_Task instructions_. From the entries below, please output exactly the lines starting at the one containing "МИД РФ заявил" and ending at the one containing "其他受到汶川地震波及的地區(qū),重慶", both included.

_Given records_.
=== Section Start ===
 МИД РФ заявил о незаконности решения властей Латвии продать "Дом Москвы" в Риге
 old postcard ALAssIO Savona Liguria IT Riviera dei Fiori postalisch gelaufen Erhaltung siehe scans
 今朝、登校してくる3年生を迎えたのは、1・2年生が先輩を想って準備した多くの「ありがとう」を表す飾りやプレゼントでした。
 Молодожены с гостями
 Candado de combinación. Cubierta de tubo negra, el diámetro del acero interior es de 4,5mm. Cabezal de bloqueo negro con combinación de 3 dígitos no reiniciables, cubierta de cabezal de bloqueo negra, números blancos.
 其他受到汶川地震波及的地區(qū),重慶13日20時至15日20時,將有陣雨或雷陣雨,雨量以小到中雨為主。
=== Section End ===
=== Section Start ===
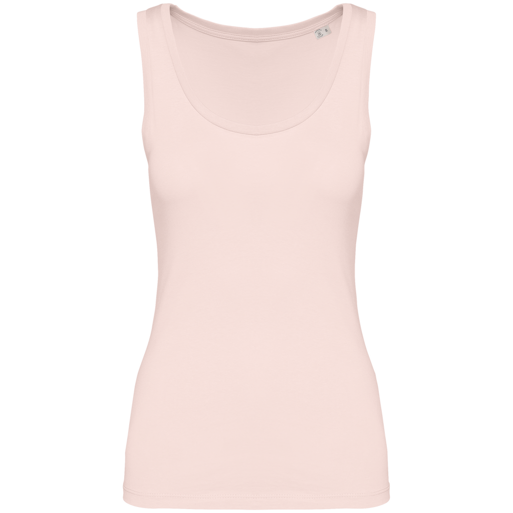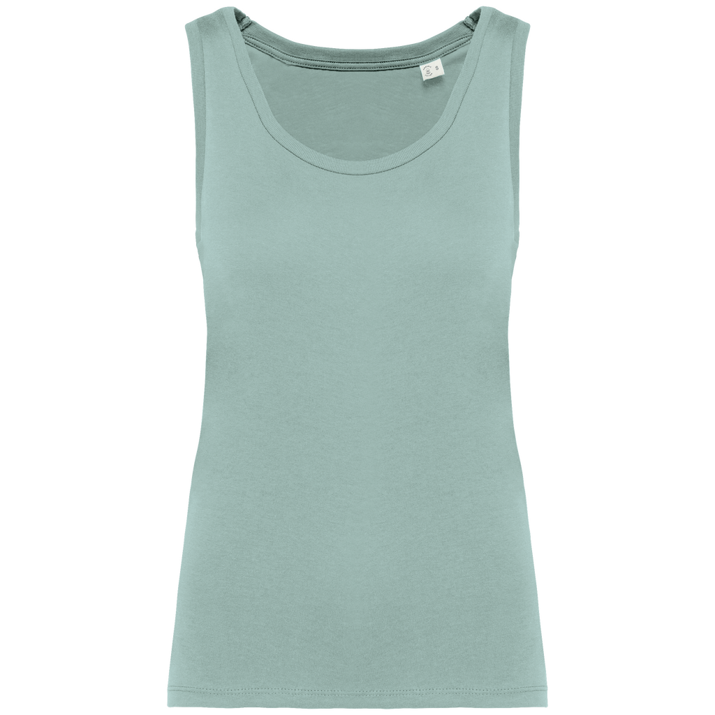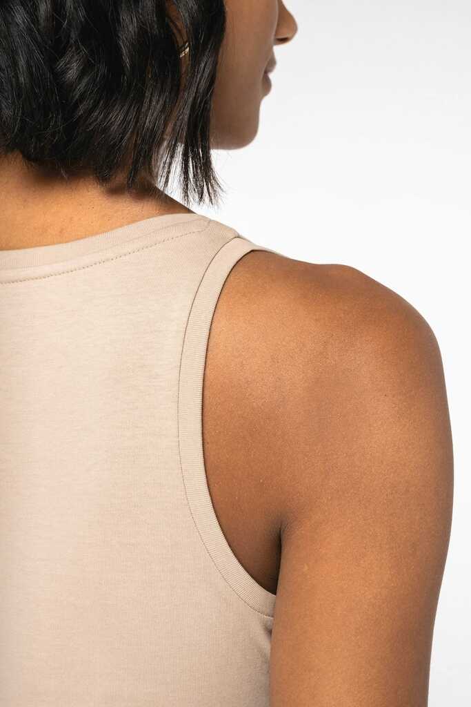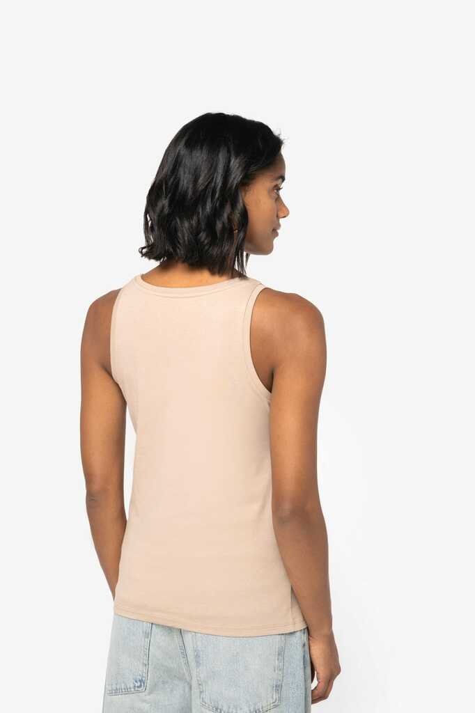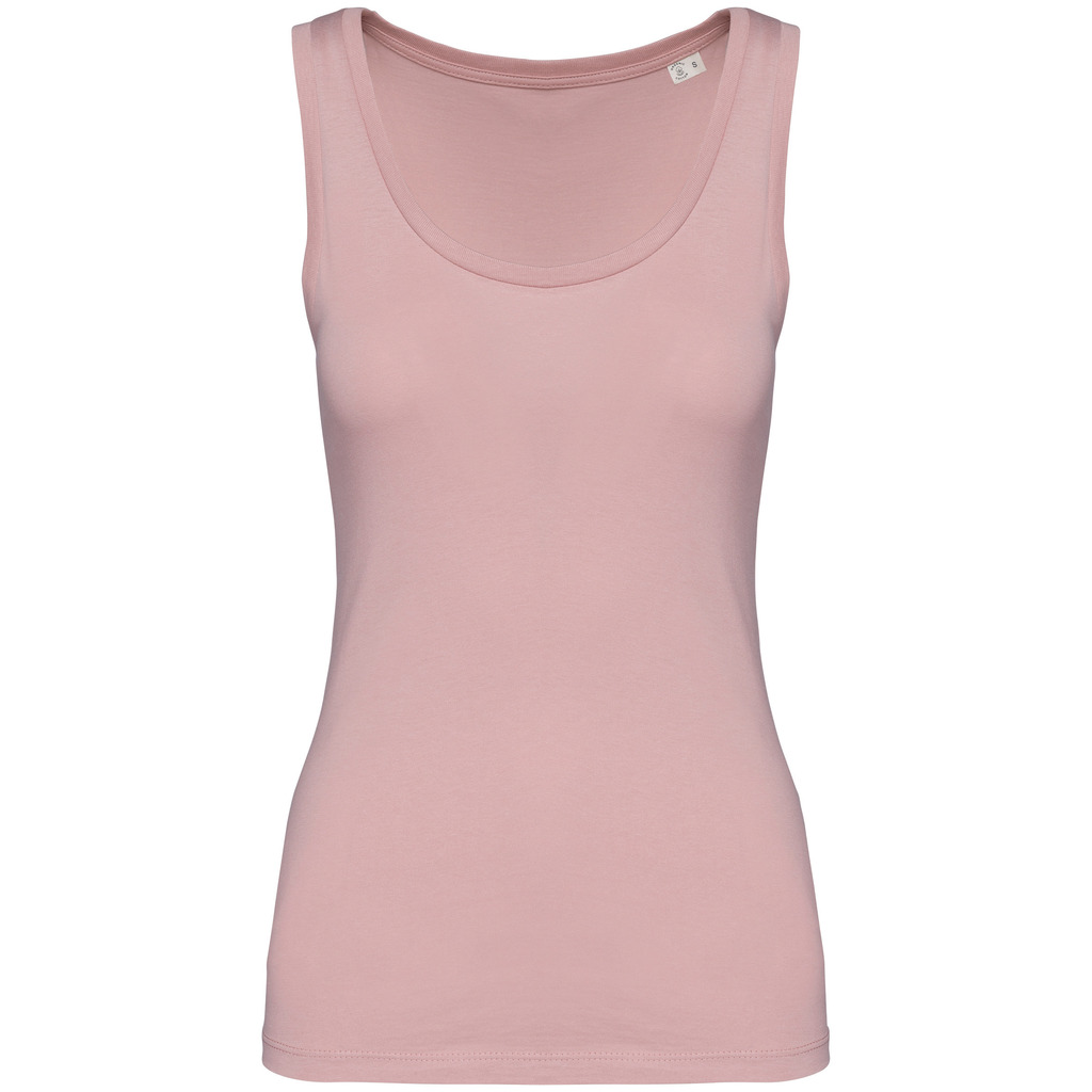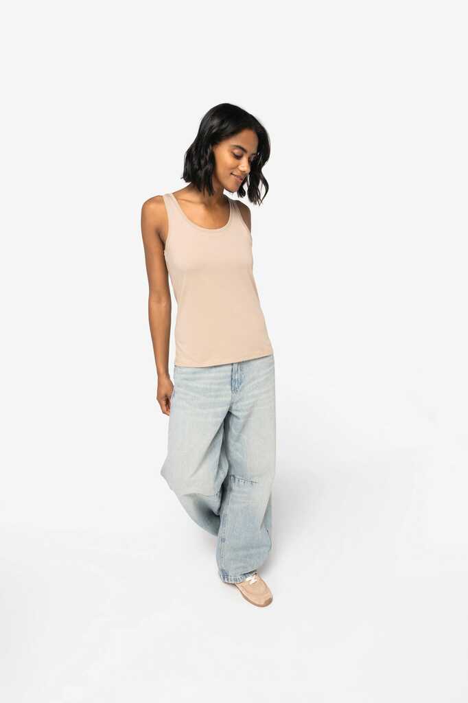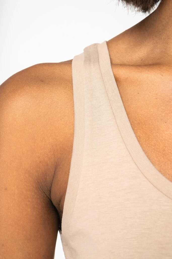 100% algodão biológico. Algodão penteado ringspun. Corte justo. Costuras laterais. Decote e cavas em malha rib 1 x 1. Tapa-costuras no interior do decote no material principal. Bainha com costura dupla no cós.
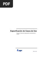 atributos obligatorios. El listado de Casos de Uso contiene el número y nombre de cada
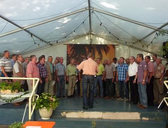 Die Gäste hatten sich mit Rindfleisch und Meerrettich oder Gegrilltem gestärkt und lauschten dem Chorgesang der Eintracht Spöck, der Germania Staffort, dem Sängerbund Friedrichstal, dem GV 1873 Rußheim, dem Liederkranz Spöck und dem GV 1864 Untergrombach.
=== Section End ===
=== Section Start ===
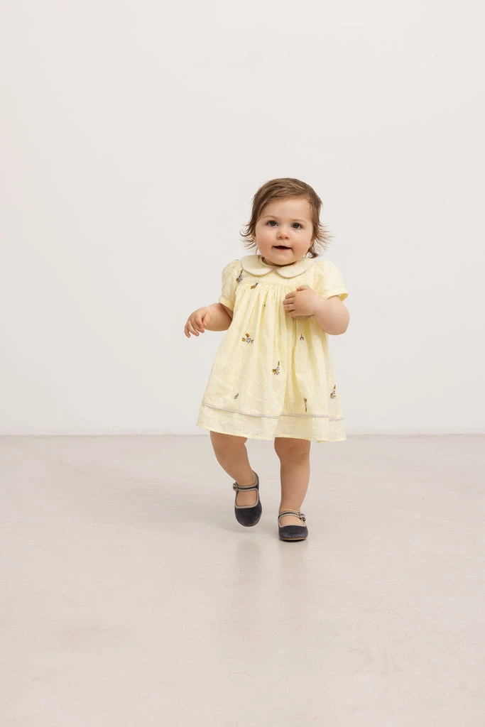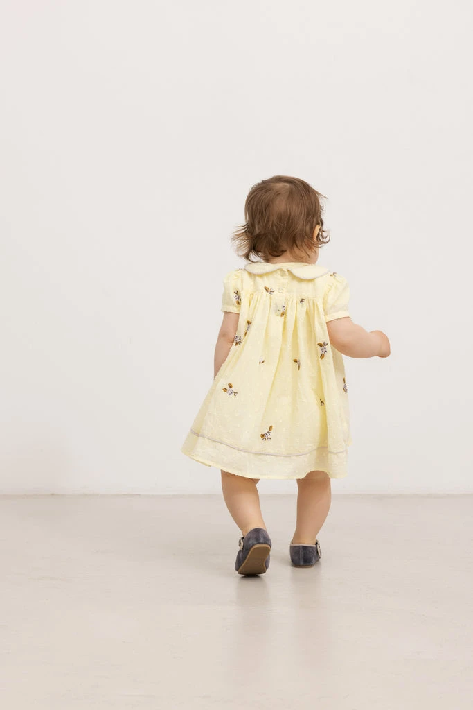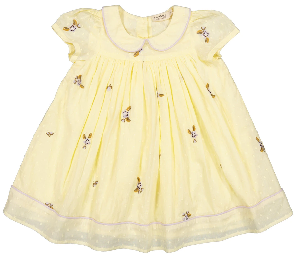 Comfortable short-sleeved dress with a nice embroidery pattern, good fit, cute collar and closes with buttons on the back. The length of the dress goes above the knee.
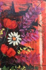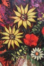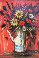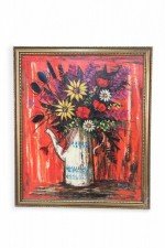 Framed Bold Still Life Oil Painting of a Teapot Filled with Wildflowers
=== Section End ===
_Exercise answer_.
 МИД РФ заявил о незаконности решения властей Латвии продать "Дом Москвы" в Риге
 old postcard ALAssIO Savona Liguria IT Riviera dei Fiori postalisch gelaufen Erhaltung siehe scans
 今朝、登校してくる3年生を迎えたのは、1・2年生が先輩を想って準備した多くの「ありがとう」を表す飾りやプレゼントでした。
 Молодожены с гостями
 Candado de combinación. Cubierta de tubo negra, el diámetro del acero interior es de 4,5mm. Cabezal de bloqueo negro con combinación de 3 dígitos no reiniciables, cubierta de cabezal de bloqueo negra, números blancos.
 其他受到汶川地震波及的地區(qū),重慶13日20時至15日20時,將有陣雨或雷陣雨,雨量以小到中雨為主。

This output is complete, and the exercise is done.